What we lack - Race Today

Race Today Collective on the reformist turn of black politics in the 1980s.

Submitted by wojtek on July 5, 2020

'WHAT WE LACK'
Race Today, December 1985

Amid the public din and clamour which followed the revolts in Handsworth, Brixton and Tottenham, the one voice which loudly and clearly stated what the vast majority of young blacks think and feel was Bernie Grant's. This is a very peculiar state of affairs, young blacks, who led and participated in the revolt are in the main under 25, are not members of the Labour Party and hardly vote for it. Yet Bernie, well intentioned we are sure, is close to 50 and leader of the Haringey Council in his capacity as a Labour councillor. This begs the central question: what has happened to the political leadership which ought to come from within the ranks of young blacks?

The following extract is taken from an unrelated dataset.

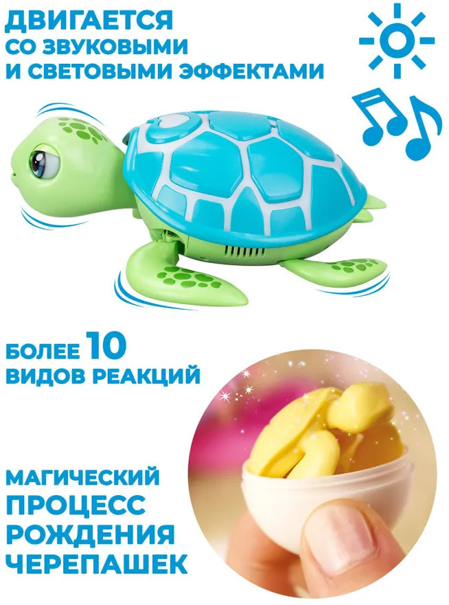 💳 Оплатить за товар можно при получении 🇰🇿 Есть бесплатная доставка по Казахстану от 1 дня 🎁 Копите бонусы с каждой покупки Самая милая зелёная черепашка, которая так нуждается в заботе и внимании. Интерактивная черепашка реагирует на прикосновения, поэтому детям будет интересно наблюдать за её поведением и взаимодействовать с ней. У питомца подвижные лапки, и голова, которые активируются, если погладить черепашку. А ещё питомец умеет очень реалистично моргать и выражать свои эмоции с помощью подсветки панциря. Если он загорается зелёным цветом, значит, питомец голоден. Значит, необходимо его покормить, после чего панцирь загорится красным цветом, выражая благодарность и счастье. Черепашка также может выражать грусть (голубой подсветкой) и усталость (жёлтой подсветкой). Что самое удивительное — черепашка располагается на специальной подставке и откладывает яички, внутри которых маленькие черепашки! Эта игрушка даёт детям возможность научиться ухаживать за домашними животными, быть ответственными и внимательными. Игрушка — питомец в виде черепашки непременно станет отличным другом для ребёнка. |

It is necessary to go back in time. In the late '60s, we witnessed the first organised mass, black movement in Britain. The major issue then, as it is now, was the excesses of the British police. Organisations were formed in almost every black community in this country, newsletters and newspapers were published, demonstrations were held, the roving bookshop was started; we engaged in political education classes, spoke on platforms organised by ourselves. formed and developed international contacts and held conferences, The list is long, These organisations were financed not by Moscow, Libya, local government, or central government but by ourselves. We produced a string of leaders. There was, at the head of the movement, a woman, Althea Jones Lecointe. Add to this Leila Hassan, Barbara Beese, Mala Dhondy, George Joseph, Darcus Howe and Farrukh Dhondy. They spoke not only on black community matters but on a whole range of national and international issues; political, social, economic and literary. In short, a political foundation and tradition was established in the black community upon which future generations could build.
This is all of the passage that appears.